Exercise directions:
Without changing a thing, reproduce the entire listing and leave out its pictures.
═══ Data listing
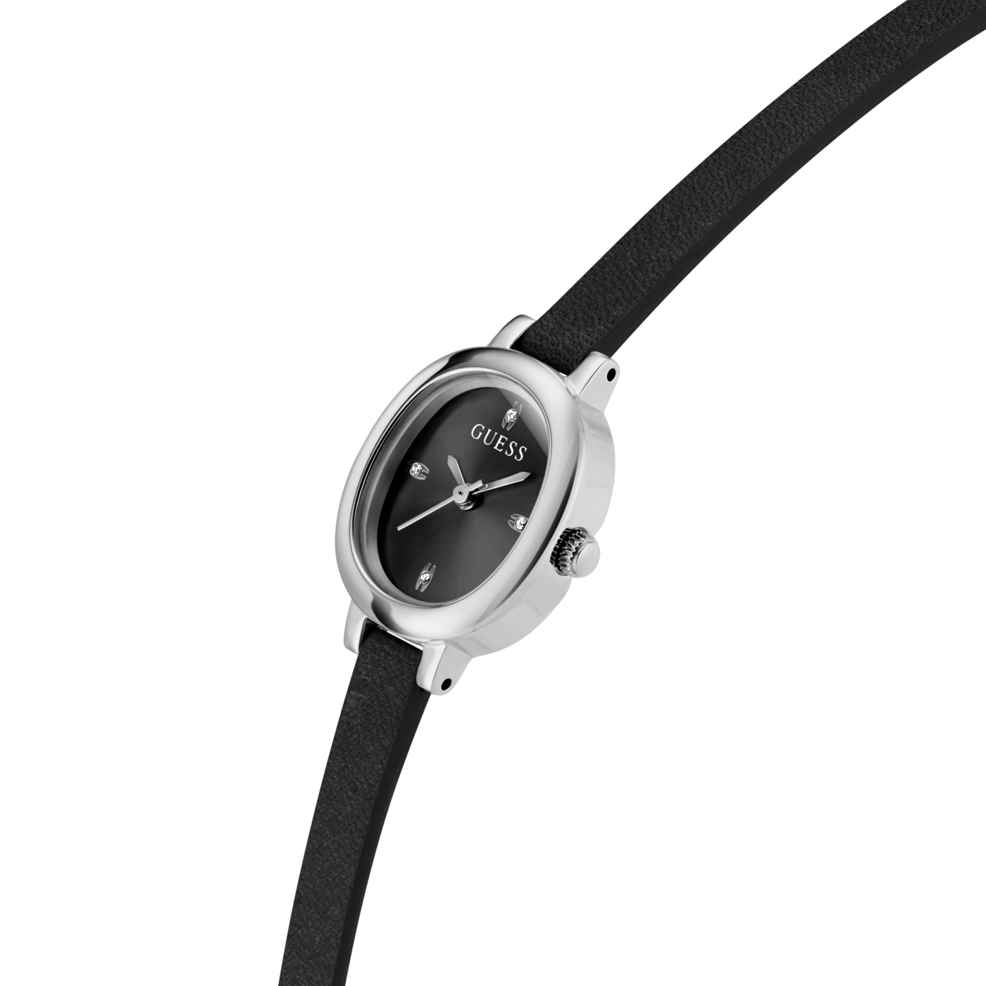Silver-Tone and Black Oval Analog Penelope Watch GW0925L1
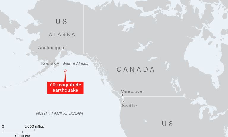 АНУ болон Канадын баруун эрэгт Аляскийн буланд рихтерийн шаталбараар өчигдөр 8,2 баллын хүчтэй газар хөдлөлт болсон ба 7,9-8,2 баллын хүчтэй 5 удаагийн түлхэлт болжээ. Газар хөдлөлтөөс үүдэн цунами үүсч болзошгүй хэмээн нутгийн оршин суугчдыг яаралтай нүүхийг сануулсан байна.
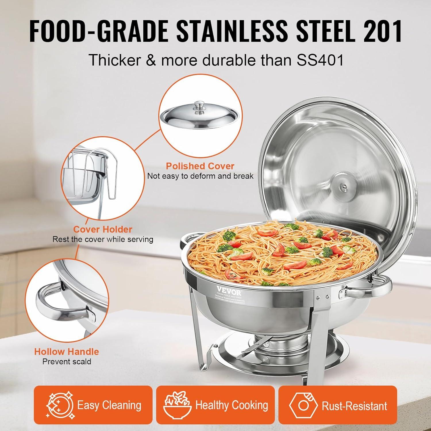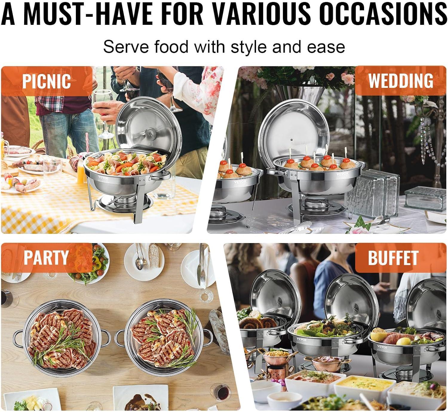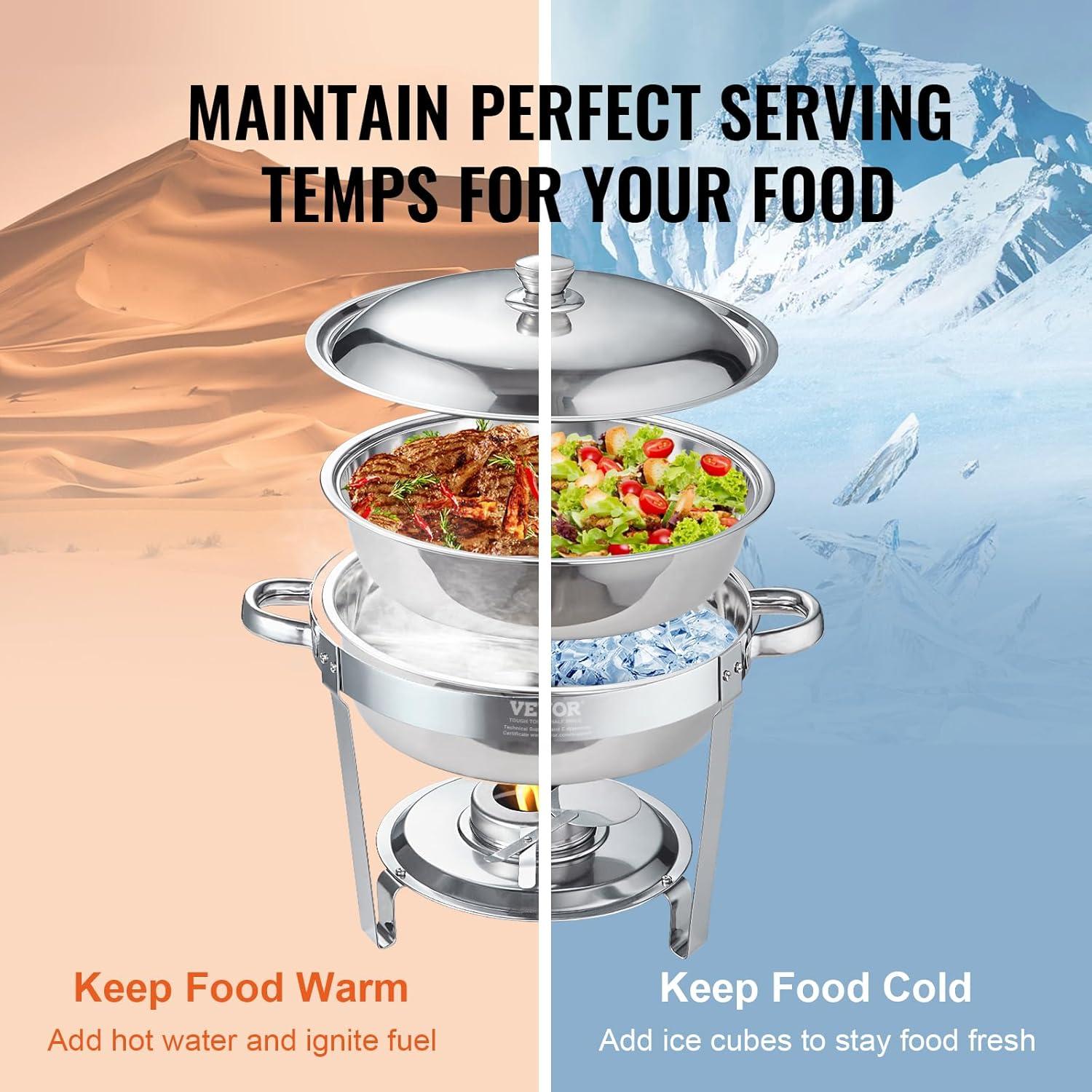 Get ready to keep all your delicious foods fresh and ready to serve. 5QT catering food warmer set is suitable for commercial and family use. The chafing dish is your trusted ally in delivering both style and substance to the table. Let's dive into the world of this timeless culinary marvel.
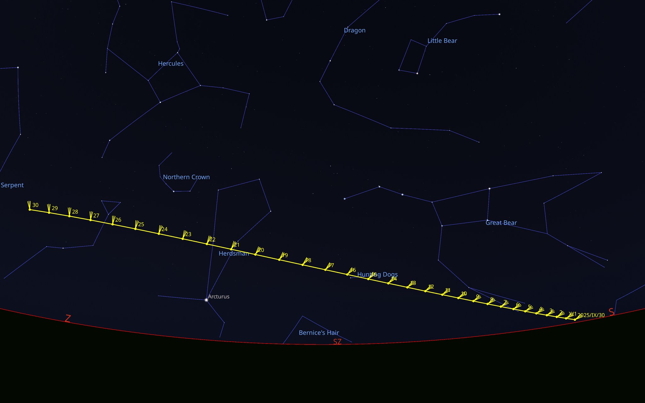 Zhruba od 15. října ji nalezneme nejprve v souhvězdí Honicích psů a později v Pastýři. Právě tam by měla dosáhnout největší jasnosti.
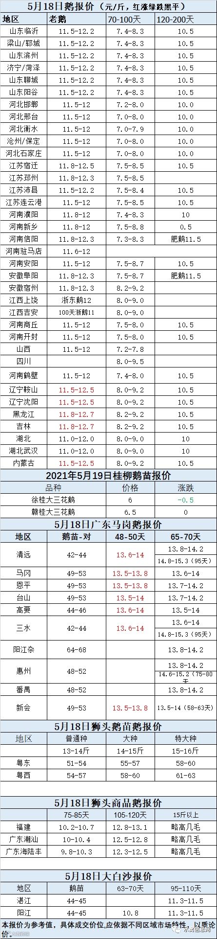 2021年5月18日商品鹅蛋价格(元/斤)
══════
Completed task:
Silver-Tone and Black Oval Analog Penelope Watch GW0925L1
 АНУ болон Канадын баруун эрэгт Аляскийн буланд рихтерийн шаталбараар өчигдөр 8,2 баллын хүчтэй газар хөдлөлт болсон ба 7,9-8,2 баллын хүчтэй 5 удаагийн түлхэлт болжээ. Газар хөдлөлтөөс үүдэн цунами үүсч болзошгүй хэмээн нутгийн оршин суугчдыг яаралтай нүүхийг сануулсан байна.
 Get ready to keep all your delicious foods fresh and ready to serve. 5QT catering food warmer set is suitable for commercial and family use. The chafing dish is your trusted ally in delivering both style and substance to the table. Let's dive into the world of this timeless culinary marvel.
 Zhruba od 15. října ji nalezneme nejprve v souhvězdí Honicích psů a později v Pastýři. Právě tam by měla dosáhnout největší jasnosti.
 2021年5月18日商品鹅蛋价格(元/斤)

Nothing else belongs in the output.